## PROBLEM DESCRIPTION
Each line from the top of the listing down to and including the line with "Create an event: Open" must be duplicated exactly; pictures are to be skipped.

## SUPPLIED DATA

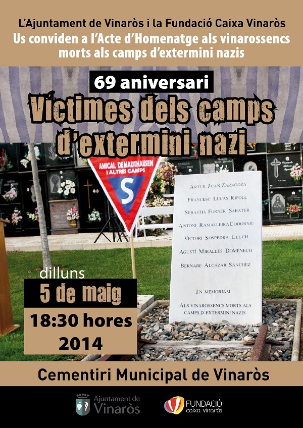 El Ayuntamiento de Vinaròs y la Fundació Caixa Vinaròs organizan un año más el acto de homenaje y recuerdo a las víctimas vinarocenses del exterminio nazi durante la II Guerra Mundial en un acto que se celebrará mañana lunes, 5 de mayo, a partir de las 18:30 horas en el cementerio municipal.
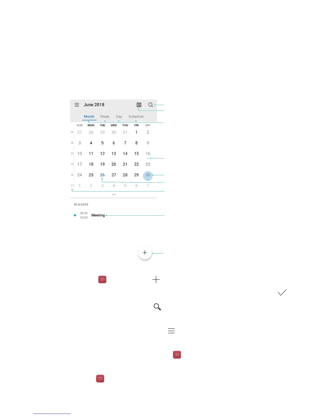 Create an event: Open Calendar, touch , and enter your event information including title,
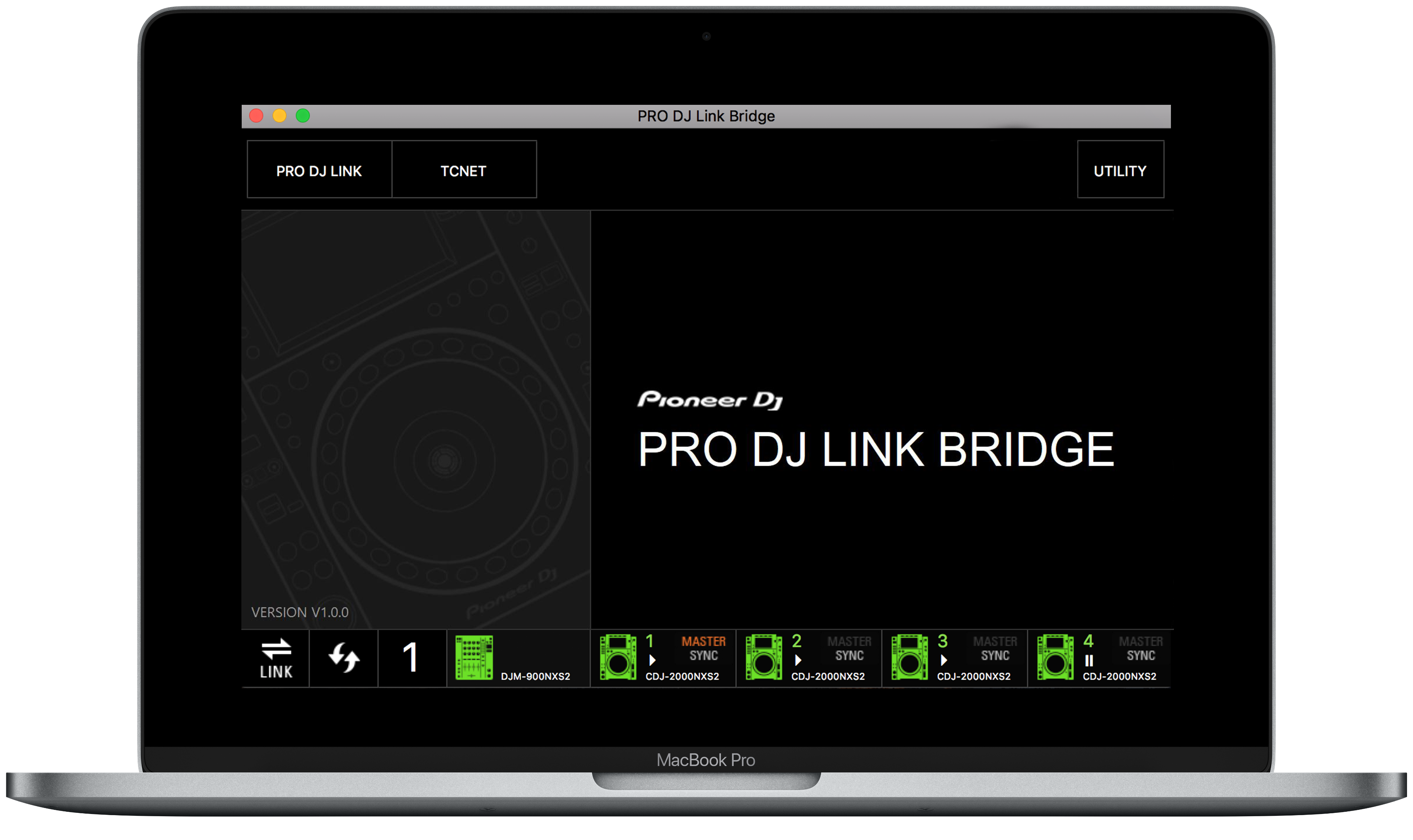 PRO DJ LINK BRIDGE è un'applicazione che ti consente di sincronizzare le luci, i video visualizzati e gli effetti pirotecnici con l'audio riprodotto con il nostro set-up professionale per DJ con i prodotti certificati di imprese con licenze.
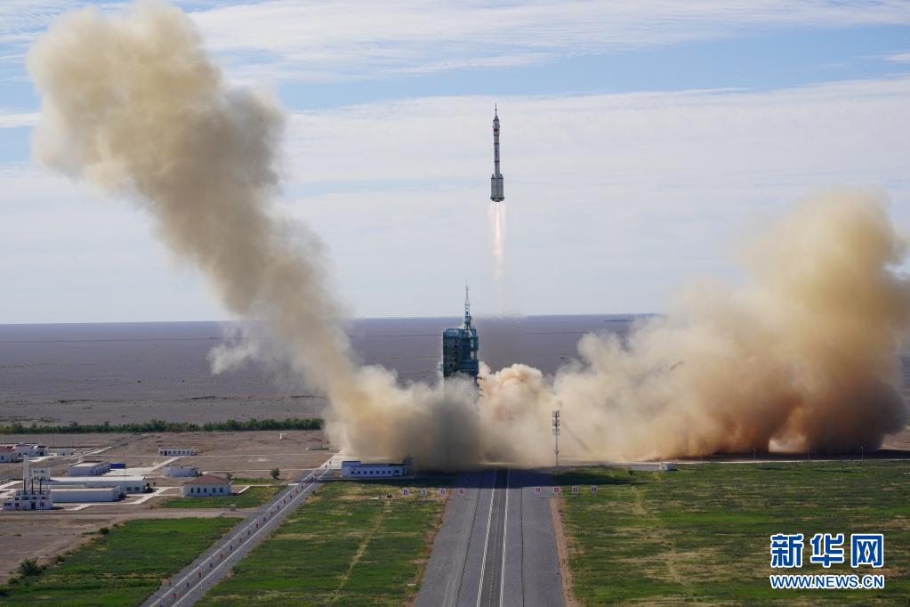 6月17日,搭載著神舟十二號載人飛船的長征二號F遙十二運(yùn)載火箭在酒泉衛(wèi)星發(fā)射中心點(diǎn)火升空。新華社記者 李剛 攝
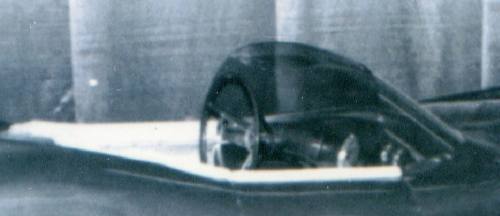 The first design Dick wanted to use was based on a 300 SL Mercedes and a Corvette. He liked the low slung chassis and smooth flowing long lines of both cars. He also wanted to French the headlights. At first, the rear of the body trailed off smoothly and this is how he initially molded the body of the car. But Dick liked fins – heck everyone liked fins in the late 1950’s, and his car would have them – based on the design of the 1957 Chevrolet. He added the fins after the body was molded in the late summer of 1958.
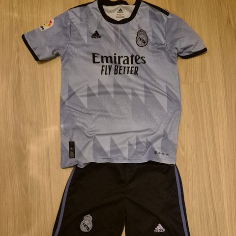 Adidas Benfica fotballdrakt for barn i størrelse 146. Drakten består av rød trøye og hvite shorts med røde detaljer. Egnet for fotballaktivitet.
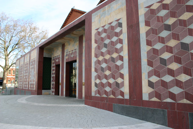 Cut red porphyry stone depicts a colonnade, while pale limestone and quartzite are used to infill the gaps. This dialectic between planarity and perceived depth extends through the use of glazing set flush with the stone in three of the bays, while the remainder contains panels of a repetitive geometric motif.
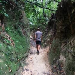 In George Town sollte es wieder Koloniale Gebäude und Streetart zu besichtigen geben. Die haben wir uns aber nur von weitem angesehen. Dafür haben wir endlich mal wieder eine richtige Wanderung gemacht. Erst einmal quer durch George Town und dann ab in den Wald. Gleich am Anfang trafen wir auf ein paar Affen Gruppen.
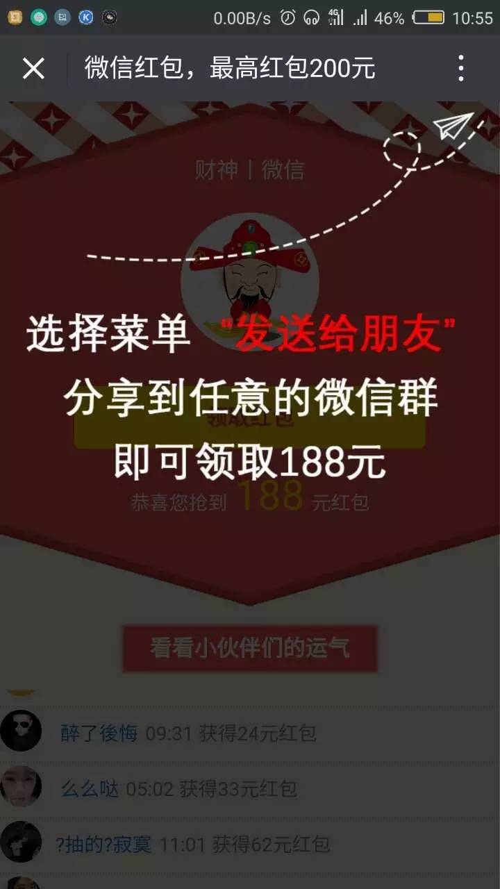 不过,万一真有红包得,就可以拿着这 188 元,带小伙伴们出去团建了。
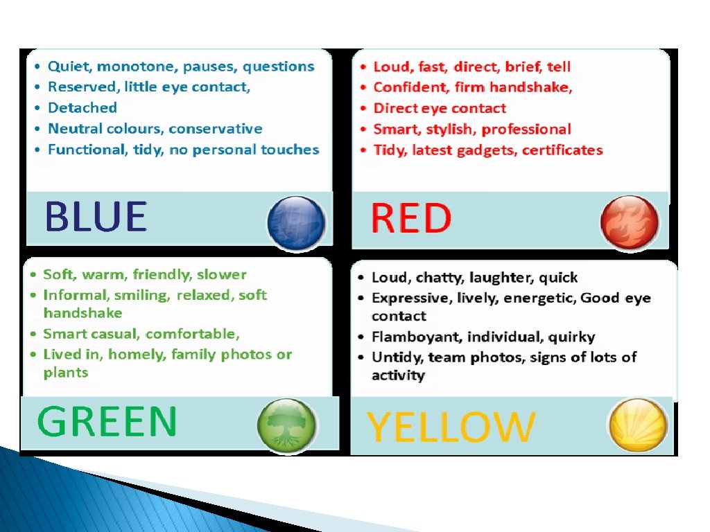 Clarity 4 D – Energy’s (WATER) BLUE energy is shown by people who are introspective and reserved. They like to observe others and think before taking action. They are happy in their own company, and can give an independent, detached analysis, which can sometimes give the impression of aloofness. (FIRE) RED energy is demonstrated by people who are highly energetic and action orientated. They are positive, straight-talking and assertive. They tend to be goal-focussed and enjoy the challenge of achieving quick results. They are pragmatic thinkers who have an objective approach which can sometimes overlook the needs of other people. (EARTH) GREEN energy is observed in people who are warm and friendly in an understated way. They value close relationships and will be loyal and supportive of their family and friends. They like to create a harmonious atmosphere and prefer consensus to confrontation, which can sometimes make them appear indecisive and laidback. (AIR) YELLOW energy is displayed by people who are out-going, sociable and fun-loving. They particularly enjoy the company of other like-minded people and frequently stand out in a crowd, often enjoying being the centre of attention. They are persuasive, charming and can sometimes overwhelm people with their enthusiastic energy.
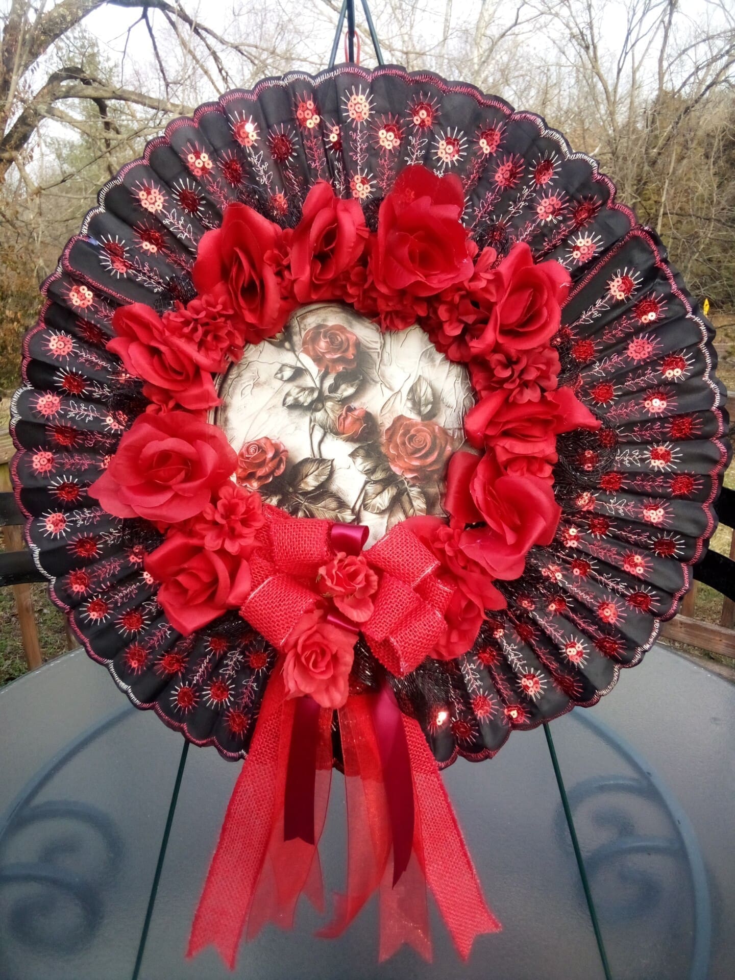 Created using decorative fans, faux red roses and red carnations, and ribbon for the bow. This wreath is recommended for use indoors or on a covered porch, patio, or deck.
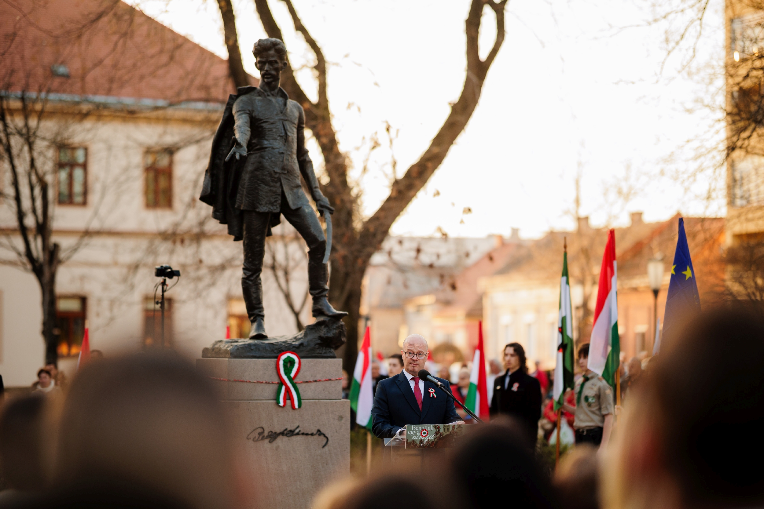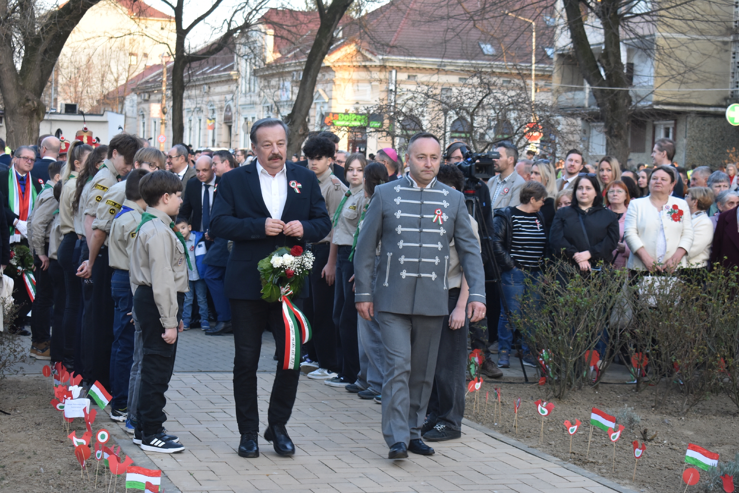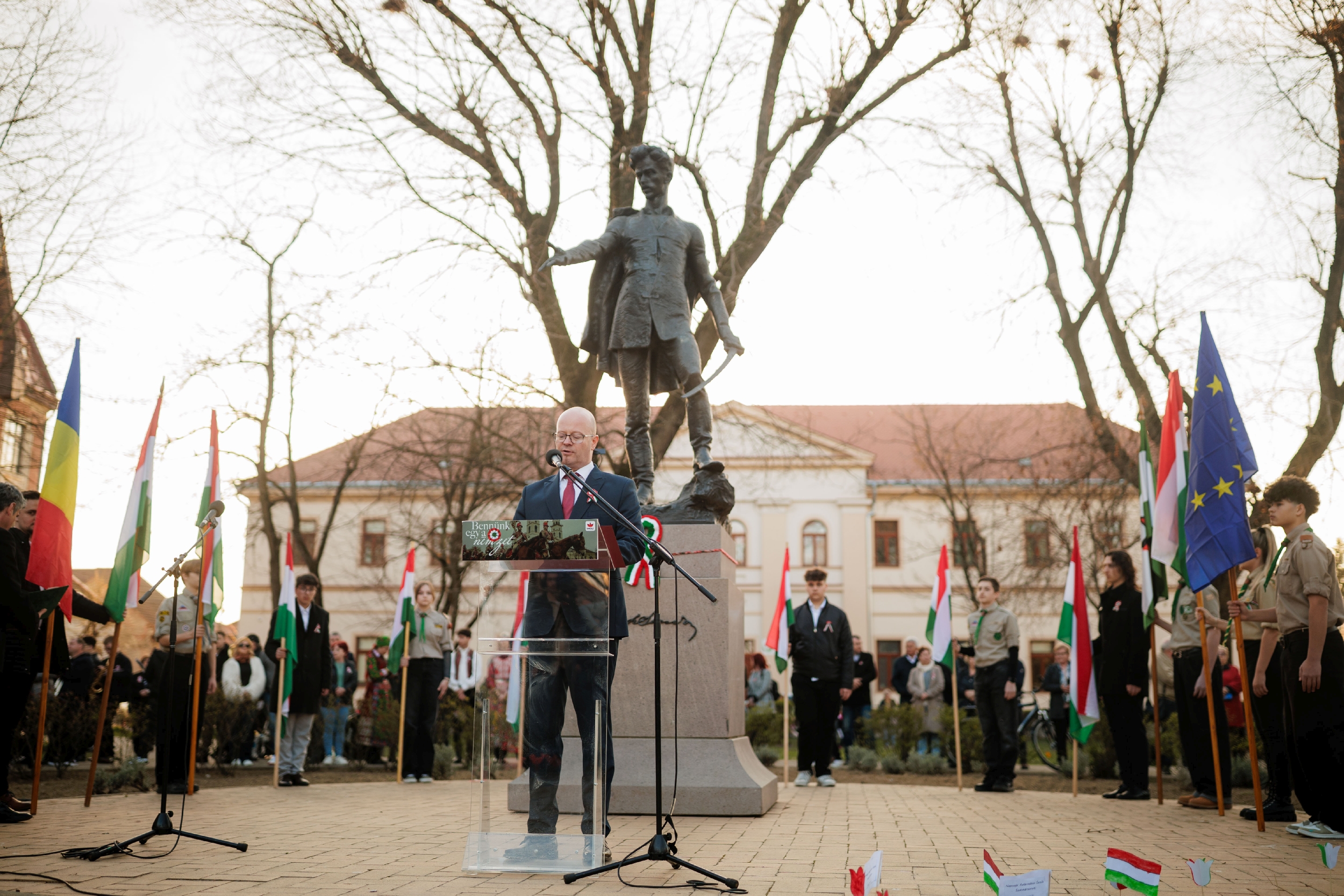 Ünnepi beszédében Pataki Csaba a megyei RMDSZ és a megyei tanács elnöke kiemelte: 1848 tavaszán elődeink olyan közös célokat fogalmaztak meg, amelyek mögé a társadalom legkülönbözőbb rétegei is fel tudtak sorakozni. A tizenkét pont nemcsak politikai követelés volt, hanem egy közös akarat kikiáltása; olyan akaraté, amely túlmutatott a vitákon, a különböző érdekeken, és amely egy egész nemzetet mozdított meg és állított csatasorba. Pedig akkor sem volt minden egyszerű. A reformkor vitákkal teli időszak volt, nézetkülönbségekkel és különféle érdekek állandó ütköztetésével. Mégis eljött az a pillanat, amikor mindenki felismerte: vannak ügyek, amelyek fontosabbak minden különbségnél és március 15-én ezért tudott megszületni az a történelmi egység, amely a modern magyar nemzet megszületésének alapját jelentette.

## COMPLETED EXERCISE
 El Ayuntamiento de Vinaròs y la Fundació Caixa Vinaròs organizan un año más el acto de homenaje y recuerdo a las víctimas vinarocenses del exterminio nazi durante la II Guerra Mundial en un acto que se celebrará mañana lunes, 5 de mayo, a partir de las 18:30 horas en el cementerio municipal.
 Create an event: Open Calendar, touch , and enter your event information including title,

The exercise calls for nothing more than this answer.